Skip to content

Chat Completions

The gateway exposes:

POST /v1/chat/completions

All requests require:

Authorization: Bearer gw_<token-id>_<random-secret>
{
"messages": [
{ "role": "user", "content": "Write a short project summary." }
],
"stream": false,
"temperature": 0.5,
"max_tokens": 256,
"system": "Answer clearly and concisely."
}

Validation rules:

  • messages is required and must contain at least one message.
  • Message role must be user or assistant.
  • Message content must be a non-empty string.
  • Extra top-level fields are rejected.
  • stream defaults to false.
  • temperature can be omitted, null, or a number from 0.0 to 2.0.
  • max_tokens can be omitted, null, or an integer greater than 0.
  • system can be omitted, null, or a non-empty string.
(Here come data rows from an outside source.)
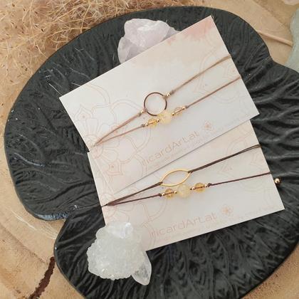 Hochwertige Edelsteinarmbänder aus strapazierfähigem Makrameegarn (gewachst & wasserfest), mit natürlichem Citrin oder Aventurin (4-6mm), 18k vvergoldeten Messingperlen (~2mm) & echtvergoldetem Edelstahlverbinder (nickelfrei, langlebig & wasserfest) Dank längenverstellbarem Schiebeverschluss sind die Armbänder an jedes Handgelenk individuell anpassbar *du bekommst dein Armband hübsch verpackt in einer handbedruckten Box aus recyceltem Altpapier, mit persönlichem Steckbrief beigelegt, auf dem du die wichtigsten Infos zu deinem neuen Begleiter nachlesen kannst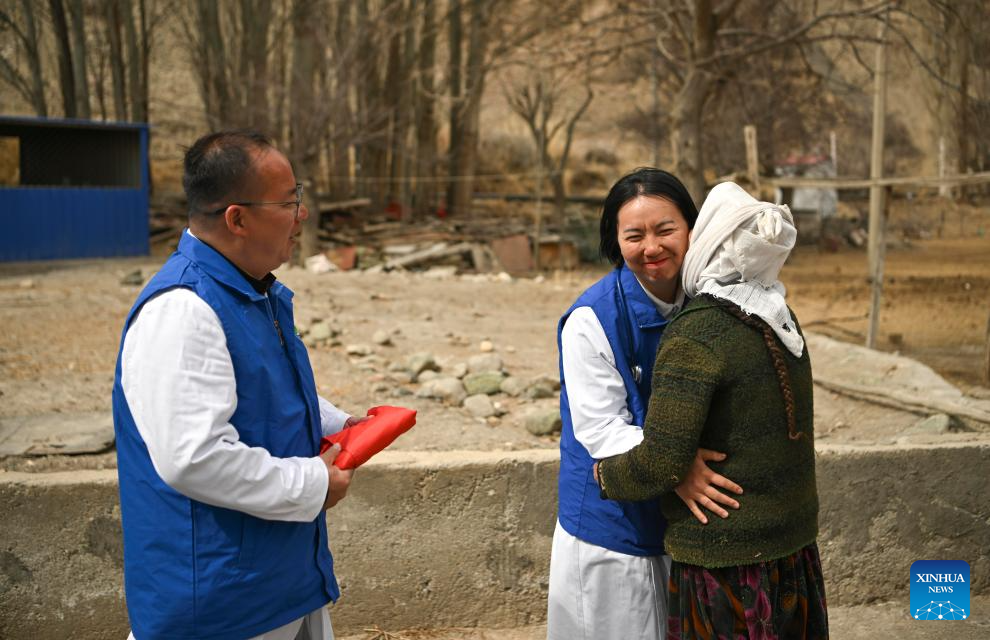 Doctors from Shenzhen make a home visit to an elder in Wayaoben Village of Kukexiluge Township, Taxkorgan Tajik Autonomous County, northwest China's Xinjiang Uygur Autonomous Region, March 24, 2025. (Xinhua/Hu Huhu)
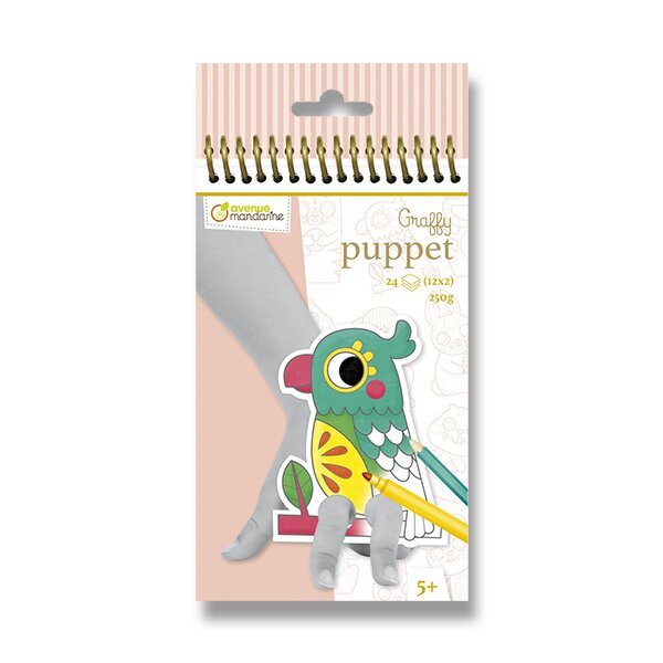 Omalovánky Avenue Mandarine Graffy Puppet s motivy domácích zvířátek. Omalovánky předem připravené a upravené pro následné použití jako prstové loutky, stačí je vybarvit a hrát si. Omalovánky obsahují 24 listů, 12 motivů po 2 ks, kroužková vazba. Lze použít na techniky: pastelky, fixy, akvarel...

Pass routing metadata in the metadata header as a JSON object with string keys and string values:

metadata: {"task-type":"summarization"}

The gateway uses this object to match routing rules.

Terminal window
curl https://gateway.example.com/v1/chat/completions \
-H 'Authorization: Bearer gw_token-id_token-secret' \
-H 'Content-Type: application/json' \
-H 'metadata: {"task-type":"summarization"}' \
-d '{
"messages": [
{ "role": "user", "content": "Write a short project summary." }
],
"stream": false,
"temperature": 0.5,
"max_tokens": 256
}'
{
"messages": [
{ "role": "user", "content": "Write a short project summary." }
],
"stream": true
}

When stream is true, Mantis returns text chunks as they are received from the model provider.

The load balancer health endpoint is public:

GET /health

It returns:

{"status":"ok"}